Jonzor - wrote on 10/05/15 at 10:17 AM CT
What Super Meat Boy did well was that the levels are generally can be in the 10-15 second range to complete. If you die, the reload is super fast and you're back at it. You only have to be good for 15 seconds before beating the level and then you don't have to do it again. Another example was NES Remix. If you were going for three rainbow stars on everything, those challenges were generally never longer than 30 seconds.
If you're going to force memorization and technical proficiency, that's how I'd like it to be done. If levels of Super Meat Boy were 5-10 minutes long, it would be much less tolerable, and likely much less popular.
Dave's point about the extra challenges/platinum medals/S rankings/3 stars trend is pretty good. Playing Geometry Wars just to beat all the levels is a totally different experience than trying to get 3 stars on everything.

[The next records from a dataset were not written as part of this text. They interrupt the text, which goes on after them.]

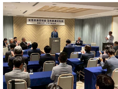
第32回青年部通常総会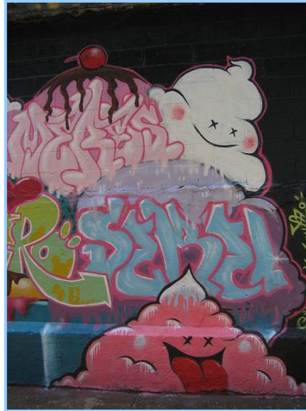
( شكل ٢ ) جرافيتي يوضح استخدام خامات متنوعة في الرسم والخط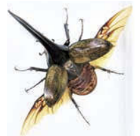
ヘルクレスオオカブト

◆場所/大垣市スイピアセンター学習会1階アートギャラリー(大垣市室本町5-51) ◆休館日/火曜 ◆料金/入場無料 ◆問/(公財)大垣市文化事業団Tel. 0584-84-2000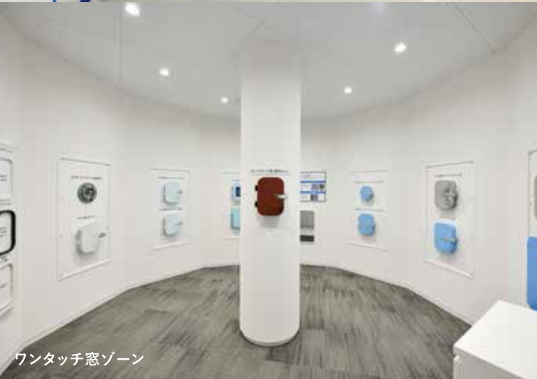
ワンタッチ窓ゾーン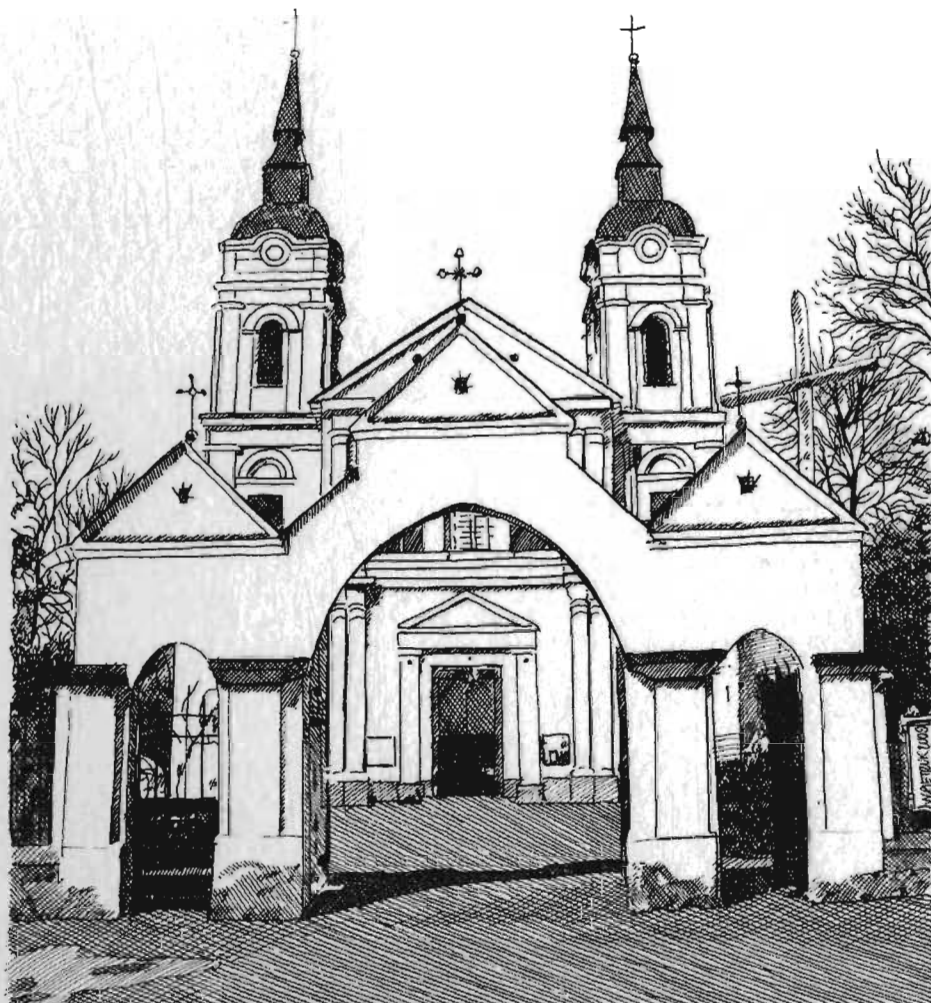
Parafia rzymskokatolicka pw. Św. Jana Chrzciciela, 18-200 Wysokie Mazowieckie, budowa kościoła lata 1875-1888 Saint John the Baptist Roman Catholic parish, built in 1875-1888, 18-200 Wysokie Mazowieckie

Nelson Schneider - wrote on 10/04/15 at 01:17 PM CT
@dbarry_22: At least you have a temperate take on the whole thing. But other people like you who enjoy extreme hand-eye coordination tests don't have any sense of moderation. They want the entirety of every game to be as technically difficult as "Super Meat Boy" and as unreasonably punishing as "Demon's Souls." If they had their way, they would ruin gaming.

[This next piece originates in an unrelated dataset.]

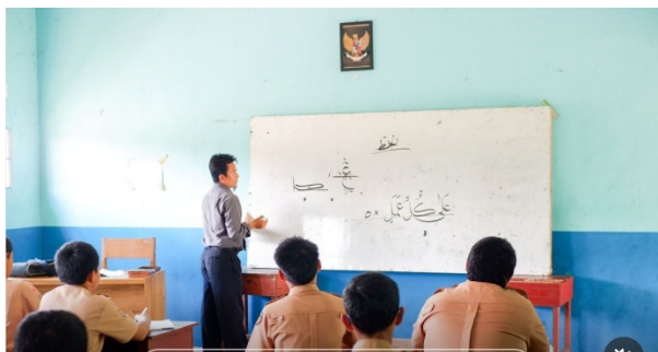
Gambar 3. Suasana Pembelajaran Di Dalam Kelas (Intrakurikuler)

Kegiatan di dalam kelas (intrakurikuler) adalah kegiatan belajar mengajar secara klasikal. Kegiatan pembelajaran di Pondok Modern Darul Hijrah dan Pondok Modern An-Najah Putra dilaksanakan dari hari senin sampai hari sabtu, dari pukul 07.30 sampai dengan pukul 13.30. kecuali hari jumat yaitu sampai pukul 11.00. Kedua Pondok Modern ini juga memiliki jumlah jam pelajaran yang sama yang diadakan dari hari senin sampai sabtu yaitu sebanyak 8 jam pelajaran. Setiap jam pelajaran memiliki durasi waktu selama 40 menit, kecuali hari jumat yang hanya 35 menit setiap jam pelajarannya. Waktu istirahat pembelajaran ada dua kali dalam sehari, yaitu setelah selesai jam pelajaran ketiga dan keenam yaitu selama 25 menit, kecuali hari jumat yang hanya ada satu kali waktu istirahat yaitu setelah jam pelajaran ketiga.

dbarry_22 - wrote on 10/02/15 at 03:26 PM CT
The difficulty of a game can be so different from person to person. I enjoy difficult challenges that require a great hand-eye coordination. But, that doesn't mean I want to experience it all the time.
I feel that a game shouldn't be so hard that the average person can't "beat" the game. A person should be able to experience the entire story and/or levels of a game without getting a headache or hand cramps from hitting buttons over and over. However, I am okay with....heck, even in favor of additional challenges in a game that are much more difficult. It can take the game to a whole new level and the satisfaction from beating such challenges can be rewarding. Beating a high score, getting 3 stars in a level, or finding all the collectibles in a game should be challenging otherwise it's likely the game is boring you by the end and not worth the pursuit.
It's most definitely quite a delicate balance that game makers have to deal with.